**TASK:**
Write out the following listing's lines from the one with "主體結(jié)構(gòu)" to the one with "二、四川成都职工社保缴费基数是多少钱一个月?职工社保缴纳标准", exactly, with both included and no others.

**DATASET CONTENT:**
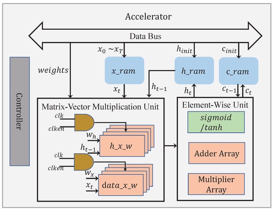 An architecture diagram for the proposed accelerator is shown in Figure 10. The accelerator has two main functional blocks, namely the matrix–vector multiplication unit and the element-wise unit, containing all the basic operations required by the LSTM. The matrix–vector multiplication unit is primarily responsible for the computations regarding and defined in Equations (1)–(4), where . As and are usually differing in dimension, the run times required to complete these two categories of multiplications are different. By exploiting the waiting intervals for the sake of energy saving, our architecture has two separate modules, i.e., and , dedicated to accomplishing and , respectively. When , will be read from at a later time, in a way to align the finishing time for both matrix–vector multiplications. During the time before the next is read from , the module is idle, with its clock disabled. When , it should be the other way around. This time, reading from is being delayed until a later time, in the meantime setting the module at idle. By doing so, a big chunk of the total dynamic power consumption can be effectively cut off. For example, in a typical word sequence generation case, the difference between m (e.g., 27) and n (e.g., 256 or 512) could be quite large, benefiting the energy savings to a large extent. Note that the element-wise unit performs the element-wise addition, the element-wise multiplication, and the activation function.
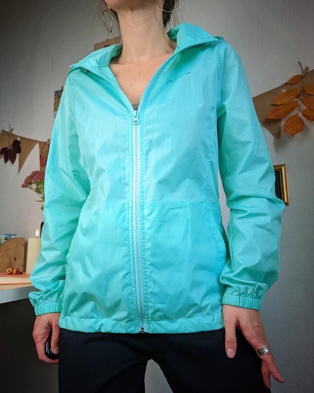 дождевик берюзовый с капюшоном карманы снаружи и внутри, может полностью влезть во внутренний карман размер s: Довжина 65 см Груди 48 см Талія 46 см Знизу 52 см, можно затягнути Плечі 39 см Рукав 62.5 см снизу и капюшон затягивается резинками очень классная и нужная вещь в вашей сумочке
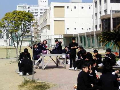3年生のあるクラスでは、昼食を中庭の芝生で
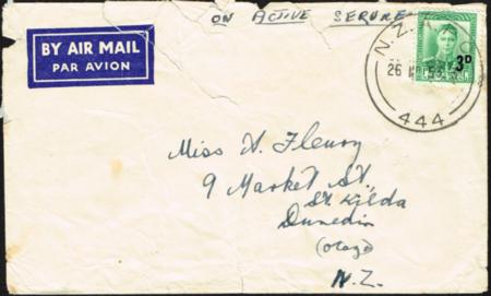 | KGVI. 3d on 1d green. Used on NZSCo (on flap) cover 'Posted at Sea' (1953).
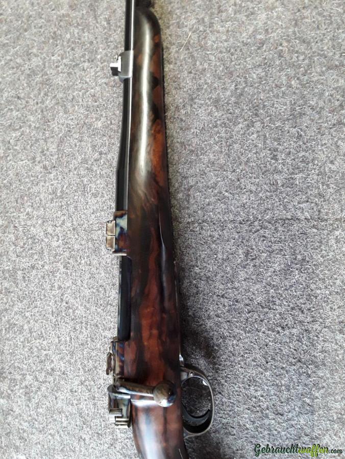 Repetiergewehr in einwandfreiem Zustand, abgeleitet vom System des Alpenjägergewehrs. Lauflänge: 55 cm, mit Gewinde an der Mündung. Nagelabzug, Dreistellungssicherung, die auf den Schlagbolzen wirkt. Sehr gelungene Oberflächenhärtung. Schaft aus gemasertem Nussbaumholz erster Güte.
--
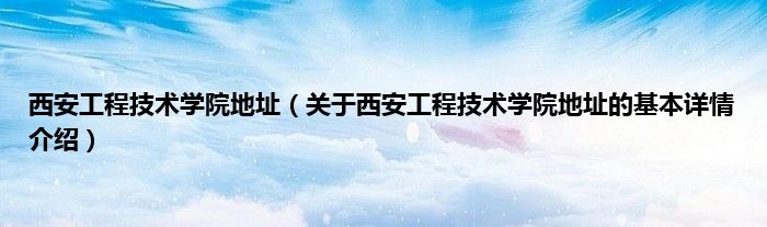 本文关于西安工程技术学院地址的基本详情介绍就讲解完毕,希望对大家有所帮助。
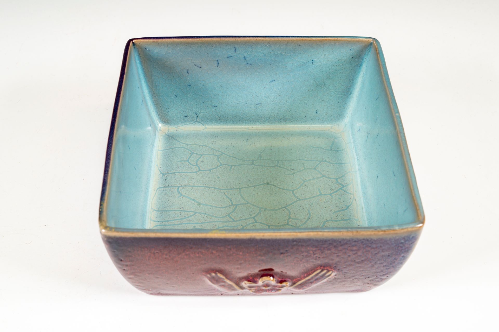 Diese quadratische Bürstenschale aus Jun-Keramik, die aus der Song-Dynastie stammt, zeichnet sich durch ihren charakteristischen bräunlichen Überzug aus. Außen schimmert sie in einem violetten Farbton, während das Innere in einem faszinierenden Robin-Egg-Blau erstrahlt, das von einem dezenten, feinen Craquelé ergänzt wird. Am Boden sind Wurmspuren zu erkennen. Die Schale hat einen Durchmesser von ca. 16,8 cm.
==
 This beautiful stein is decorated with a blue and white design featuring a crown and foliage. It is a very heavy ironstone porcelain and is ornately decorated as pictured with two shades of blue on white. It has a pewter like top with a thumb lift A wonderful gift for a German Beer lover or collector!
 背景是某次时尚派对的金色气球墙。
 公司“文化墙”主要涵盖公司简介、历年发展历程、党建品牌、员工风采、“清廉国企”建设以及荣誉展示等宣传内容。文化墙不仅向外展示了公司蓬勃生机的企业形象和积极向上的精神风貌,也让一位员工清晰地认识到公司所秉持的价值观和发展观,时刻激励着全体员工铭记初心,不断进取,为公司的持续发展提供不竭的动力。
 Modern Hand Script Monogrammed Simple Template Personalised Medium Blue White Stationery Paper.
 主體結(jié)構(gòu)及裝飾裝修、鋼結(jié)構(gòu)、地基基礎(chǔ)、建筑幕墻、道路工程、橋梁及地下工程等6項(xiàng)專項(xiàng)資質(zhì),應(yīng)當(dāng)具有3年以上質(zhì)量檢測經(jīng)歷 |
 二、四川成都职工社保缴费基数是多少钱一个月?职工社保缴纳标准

**TASK SOLUTION:**
 主體結(jié)構(gòu)及裝飾裝修、鋼結(jié)構(gòu)、地基基礎(chǔ)、建筑幕墻、道路工程、橋梁及地下工程等6項(xiàng)專項(xiàng)資質(zhì),應(yīng)當(dāng)具有3年以上質(zhì)量檢測經(jīng)歷 |
 二、四川成都职工社保缴费基数是多少钱一个月?职工社保缴纳标准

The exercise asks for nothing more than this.